▶ [Recorded data]
☆ ☆ ☆
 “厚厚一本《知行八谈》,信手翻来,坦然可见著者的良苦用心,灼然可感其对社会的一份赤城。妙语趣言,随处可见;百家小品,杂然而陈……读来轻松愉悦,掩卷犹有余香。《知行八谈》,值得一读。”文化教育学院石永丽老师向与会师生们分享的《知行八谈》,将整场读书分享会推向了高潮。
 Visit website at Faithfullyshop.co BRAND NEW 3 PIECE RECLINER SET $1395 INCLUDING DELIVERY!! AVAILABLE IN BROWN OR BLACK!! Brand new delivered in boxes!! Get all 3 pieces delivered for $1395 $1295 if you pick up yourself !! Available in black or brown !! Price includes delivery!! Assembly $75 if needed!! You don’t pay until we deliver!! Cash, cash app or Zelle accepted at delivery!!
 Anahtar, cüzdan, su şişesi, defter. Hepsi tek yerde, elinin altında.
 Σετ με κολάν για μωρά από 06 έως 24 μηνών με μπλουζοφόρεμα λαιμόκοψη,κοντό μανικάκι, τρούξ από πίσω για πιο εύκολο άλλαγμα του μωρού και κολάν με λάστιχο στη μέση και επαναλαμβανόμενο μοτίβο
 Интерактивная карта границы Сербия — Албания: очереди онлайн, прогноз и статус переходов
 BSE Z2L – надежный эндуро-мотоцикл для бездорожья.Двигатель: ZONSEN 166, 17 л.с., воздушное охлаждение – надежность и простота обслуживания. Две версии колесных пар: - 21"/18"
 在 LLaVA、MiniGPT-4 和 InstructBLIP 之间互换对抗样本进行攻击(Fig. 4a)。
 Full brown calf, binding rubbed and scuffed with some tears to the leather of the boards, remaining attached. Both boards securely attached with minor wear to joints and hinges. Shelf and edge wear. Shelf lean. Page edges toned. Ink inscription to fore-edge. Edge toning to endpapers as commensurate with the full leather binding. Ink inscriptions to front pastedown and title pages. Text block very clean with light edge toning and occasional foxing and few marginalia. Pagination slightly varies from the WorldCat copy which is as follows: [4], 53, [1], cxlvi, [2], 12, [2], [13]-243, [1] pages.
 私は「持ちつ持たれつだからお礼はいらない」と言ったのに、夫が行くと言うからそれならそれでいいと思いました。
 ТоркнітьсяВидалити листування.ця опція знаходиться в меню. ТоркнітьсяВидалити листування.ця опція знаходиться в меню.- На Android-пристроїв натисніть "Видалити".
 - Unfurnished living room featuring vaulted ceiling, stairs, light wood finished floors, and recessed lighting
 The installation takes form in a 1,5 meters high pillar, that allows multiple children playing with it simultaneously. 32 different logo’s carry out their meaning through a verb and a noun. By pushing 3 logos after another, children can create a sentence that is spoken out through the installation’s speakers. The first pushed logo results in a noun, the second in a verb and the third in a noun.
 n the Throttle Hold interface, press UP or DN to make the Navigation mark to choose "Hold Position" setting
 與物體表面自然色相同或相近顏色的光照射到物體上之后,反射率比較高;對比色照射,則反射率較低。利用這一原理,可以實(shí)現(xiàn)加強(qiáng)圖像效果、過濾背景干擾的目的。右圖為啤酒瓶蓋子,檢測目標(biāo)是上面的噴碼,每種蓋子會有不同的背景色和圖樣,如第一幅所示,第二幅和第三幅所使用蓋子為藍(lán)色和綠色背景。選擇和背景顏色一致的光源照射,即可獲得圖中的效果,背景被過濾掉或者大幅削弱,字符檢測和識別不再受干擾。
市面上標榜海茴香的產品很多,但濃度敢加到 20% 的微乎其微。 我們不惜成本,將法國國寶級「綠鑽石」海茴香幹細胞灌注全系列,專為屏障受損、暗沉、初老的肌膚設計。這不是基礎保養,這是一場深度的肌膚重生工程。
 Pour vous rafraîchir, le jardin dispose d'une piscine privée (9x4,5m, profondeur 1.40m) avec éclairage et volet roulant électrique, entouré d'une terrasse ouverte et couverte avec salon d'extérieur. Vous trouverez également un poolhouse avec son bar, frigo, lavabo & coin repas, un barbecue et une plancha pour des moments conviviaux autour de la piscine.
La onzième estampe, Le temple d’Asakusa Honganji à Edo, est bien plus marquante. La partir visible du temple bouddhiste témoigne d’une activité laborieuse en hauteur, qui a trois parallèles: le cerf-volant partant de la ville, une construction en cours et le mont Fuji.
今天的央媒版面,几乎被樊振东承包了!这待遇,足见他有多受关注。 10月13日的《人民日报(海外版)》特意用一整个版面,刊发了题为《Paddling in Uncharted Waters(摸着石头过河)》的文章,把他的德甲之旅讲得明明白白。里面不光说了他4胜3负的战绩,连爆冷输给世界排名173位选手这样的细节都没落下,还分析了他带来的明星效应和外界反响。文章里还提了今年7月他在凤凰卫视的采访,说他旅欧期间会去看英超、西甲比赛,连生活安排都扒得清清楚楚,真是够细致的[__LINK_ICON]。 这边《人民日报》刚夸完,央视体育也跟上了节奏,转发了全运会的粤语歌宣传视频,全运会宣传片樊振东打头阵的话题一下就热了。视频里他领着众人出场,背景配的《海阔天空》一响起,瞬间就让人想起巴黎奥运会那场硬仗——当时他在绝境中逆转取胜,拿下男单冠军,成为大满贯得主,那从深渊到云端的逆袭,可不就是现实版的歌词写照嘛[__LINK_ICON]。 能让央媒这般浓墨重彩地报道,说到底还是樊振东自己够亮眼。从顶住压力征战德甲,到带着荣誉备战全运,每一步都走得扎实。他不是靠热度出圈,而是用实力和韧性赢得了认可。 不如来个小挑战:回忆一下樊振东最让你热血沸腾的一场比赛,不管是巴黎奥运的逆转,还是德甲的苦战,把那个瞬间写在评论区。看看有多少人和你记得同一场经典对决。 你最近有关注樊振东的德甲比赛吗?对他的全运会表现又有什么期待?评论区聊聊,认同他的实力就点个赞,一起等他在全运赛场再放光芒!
☆ ☆ ☆
Reproduce exactly the lines from the one with "La onzième estampe, Le" through the end of the entries above, both ends included.

▶ [Solution to the problem]
La onzième estampe, Le temple d’Asakusa Honganji à Edo, est bien plus marquante. La partir visible du temple bouddhiste témoigne d’une activité laborieuse en hauteur, qui a trois parallèles: le cerf-volant partant de la ville, une construction en cours et le mont Fuji.
今天的央媒版面,几乎被樊振东承包了!这待遇,足见他有多受关注。 10月13日的《人民日报(海外版)》特意用一整个版面,刊发了题为《Paddling in Uncharted Waters(摸着石头过河)》的文章,把他的德甲之旅讲得明明白白。里面不光说了他4胜3负的战绩,连爆冷输给世界排名173位选手这样的细节都没落下,还分析了他带来的明星效应和外界反响。文章里还提了今年7月他在凤凰卫视的采访,说他旅欧期间会去看英超、西甲比赛,连生活安排都扒得清清楚楚,真是够细致的[__LINK_ICON]。 这边《人民日报》刚夸完,央视体育也跟上了节奏,转发了全运会的粤语歌宣传视频,全运会宣传片樊振东打头阵的话题一下就热了。视频里他领着众人出场,背景配的《海阔天空》一响起,瞬间就让人想起巴黎奥运会那场硬仗——当时他在绝境中逆转取胜,拿下男单冠军,成为大满贯得主,那从深渊到云端的逆袭,可不就是现实版的歌词写照嘛[__LINK_ICON]。 能让央媒这般浓墨重彩地报道,说到底还是樊振东自己够亮眼。从顶住压力征战德甲,到带着荣誉备战全运,每一步都走得扎实。他不是靠热度出圈,而是用实力和韧性赢得了认可。 不如来个小挑战:回忆一下樊振东最让你热血沸腾的一场比赛,不管是巴黎奥运的逆转,还是德甲的苦战,把那个瞬间写在评论区。看看有多少人和你记得同一场经典对决。 你最近有关注樊振东的德甲比赛吗?对他的全运会表现又有什么期待?评论区聊聊,认同他的实力就点个赞,一起等他在全运赛场再放光芒!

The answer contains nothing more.